Flaminem Supercharges the Know Your Customer (KYC) Process with Neo4j

Embedded graph technology enables France’s largest public sector investment bank Bpifrance to realize 90% time savings with real-time cascading risk scoring.


Money laundering concerns financial services institutions worldwide. The United Nations estimates that criminal enterprises, terrorists, and corrupt officials launder USD$800 billion to $2 trillion annually, accounting for up to 5% of global GDP.

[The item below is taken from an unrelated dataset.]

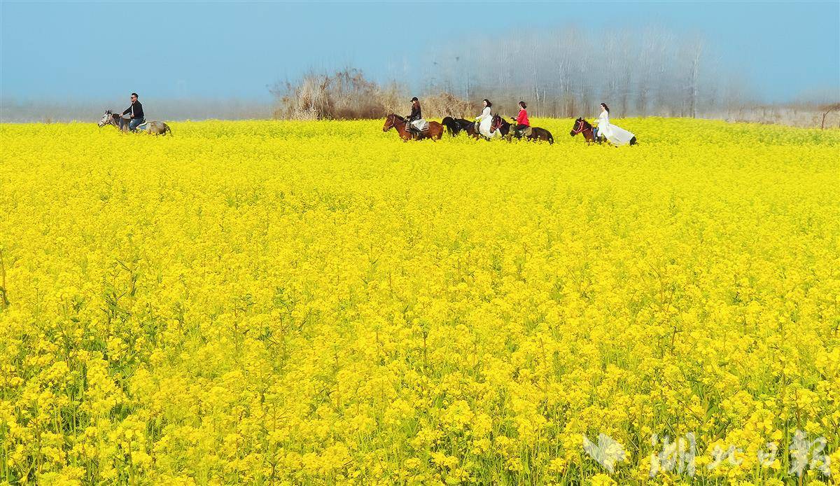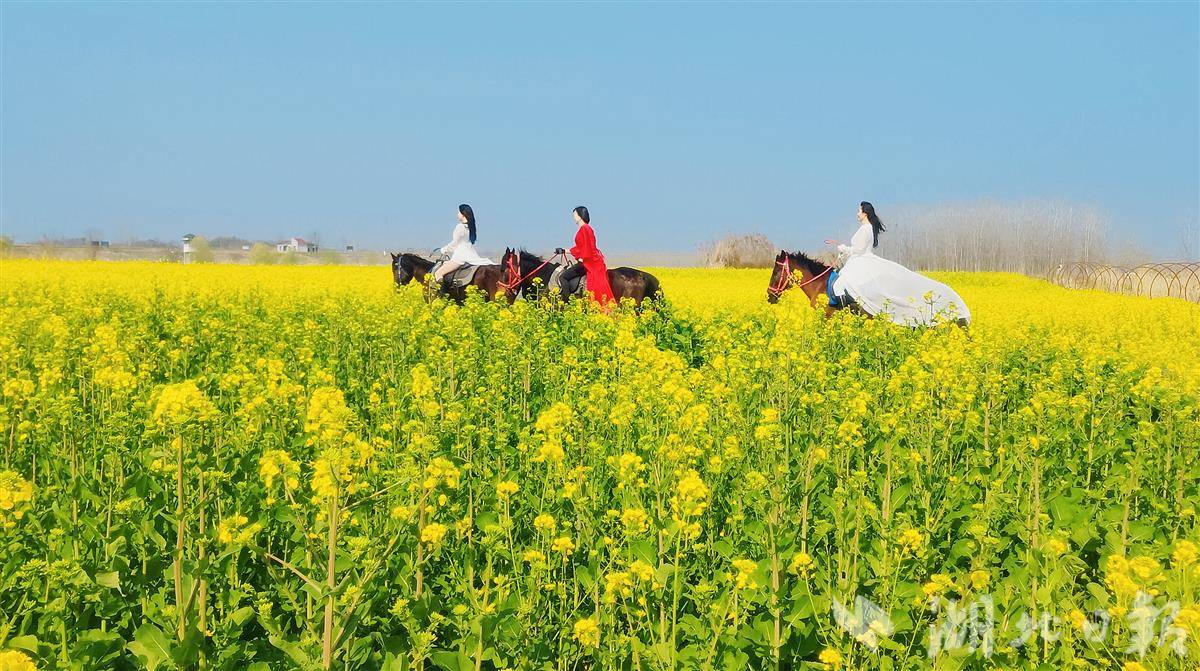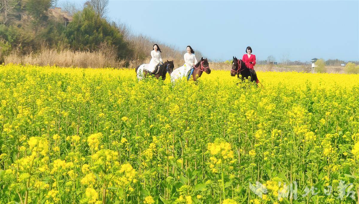 3月11日,鄂州市段店镇中湾村油菜花竞相绽放,游人徜徉花海、骑马赏花,尽享春日美景。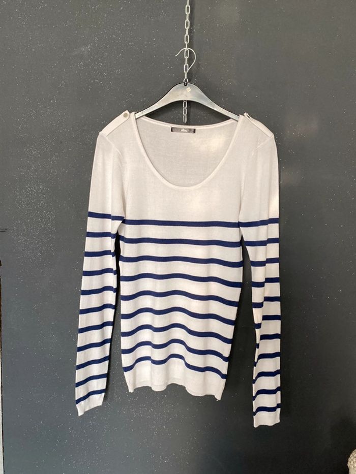 Pull fin rayé marine et blanc - photo numéro 1

Flaminem aims to reduce that number. Founded in 2013, the French software vendor is building a new generation of tools to digitize and accelerate processes for Know Your Customer (KYC), fraud detection, anti-money laundering (AML), and Counter-Terrorist Financing (CTF), also known as Combating the Financing of Terrorism (CFT). Flaminem’s tools are crucial for banks looking to stay compliant and secure as financial regulations tighten and money laundering schemes become more complex.

Banks and financial firms are legally required to know their customers’ identities and monitor their financial activity to spot risks. This KYC process can be time-consuming, especially when analyzing large datasets. Financial institutions want to avoid delays while onboarding customers — but failure to conduct due diligence might damage reputations or result in regulatory sanctions.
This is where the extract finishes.